Thursday, January 13, 2011

Nothing a Hot Bath @ Caracalla Can't Cure

Le Terme di Caracalla were my first sight of Rome's Centro Storico. Driving into the city after 30 hours of travel and then BOOM, enormous terracotta structures that set my heart a-flutter. We made it to the largest bath structure in Rome last week.

As you can tell, we felt quite comfortable at Caracalla. I include this picture also to show some sense of scale -- I hover between 5'4 and 5'8, depending on my mood. These baths could blow bubbles to the sun.

One thing I am learning on this trip is the failure of cameras. A camera is a desperate attempt to catch a whiff of an image, that only the human eye can appreciate. Walking through the baths quiets the soul. Texting shouldn't work here. Laptops must be banned. No connectivity is allowed except for one's connection to the 6000 Romans who would bathe here at a time.


While most decorations have been removed to museums, about two dozen remnants of mosaics remain. The mosaics depicts mermen, tridents, Cupid shooting arrows, animals, snakes, fish. The level of detail created with white and black pebbles startled me - the intricate movement of the fishtails alone move one to wonder.

Seeing the Roman ruins has made me think about materialism. We often say, in a general manner, that modern Western civilization is too materialistic. We like things too much. Rome is changing my mind. We are not too materialistic, we simply don't respect things enough. We have so much stuff that we pay little effort into artistry. Stain your favorite shirt? Buy another one. Apartment looking stuffy? Build a new complex.

We love things too much because we want too much. I can't defend Roman philosophy as a complete intellectual system. But it seems that because they had fewer materials than we did, they put so much effort into creating their art and architecture. I cannot think of a single modern structure that can compare to the Colosseum.
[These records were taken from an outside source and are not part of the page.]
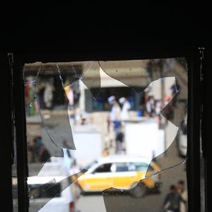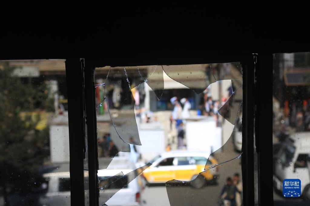 這是10月27日在阿富汗首都喀布爾拍攝的爆炸現場碎裂的玻璃。
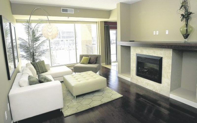 "We're proud of the way the suites have been designed. This one-bedroom unit (a 570-square-foot display model) is a very neat design. It's angular, with a huge storage closet at front, big sitting area with fridge, sink and cupboards, and a large bedroom that's adjacent to a large, user-friendly ensuite," she said.
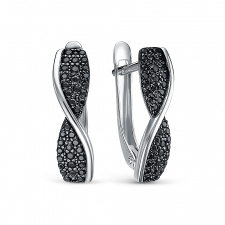 Серьги с фианитом родированные серебро 925*
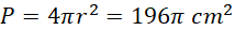 Oznacz promień podanej dużej kuli jako r. Jej pole zapisz jako:
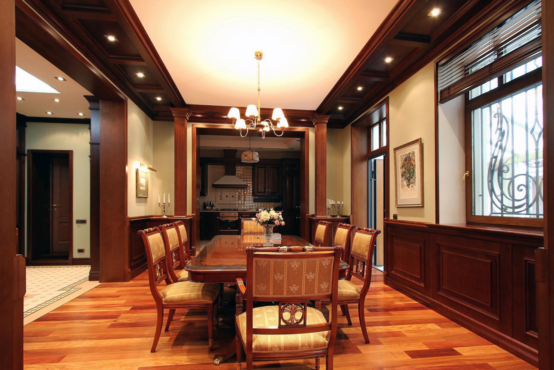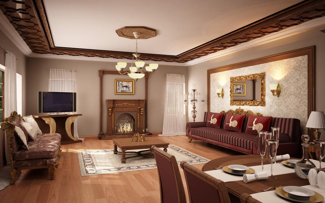 Le plafond peut être décoré d'éléments en bois, si la hauteur de la pièce le permet

The Baths at Caracalla are produced from more thought and beauty than even the best malls.


In one section of the Baths, the floor mosaic was intact. We - afraid to sit on two thousand years of history - stepped on it instead. It was a glorious ancient manhole, covered with Clark's and Converse, fur boot and black flat.

Reluctant to leave Caracalla, we meandered around the gardens and made a new friend. Diocletian danced through Elena's legs and made his courtesy to each of us in turn, prompting a series of Ooohs! and hand sanitizer.

I wonder what Diocletian thinks about his home. I thought it was spell-binding.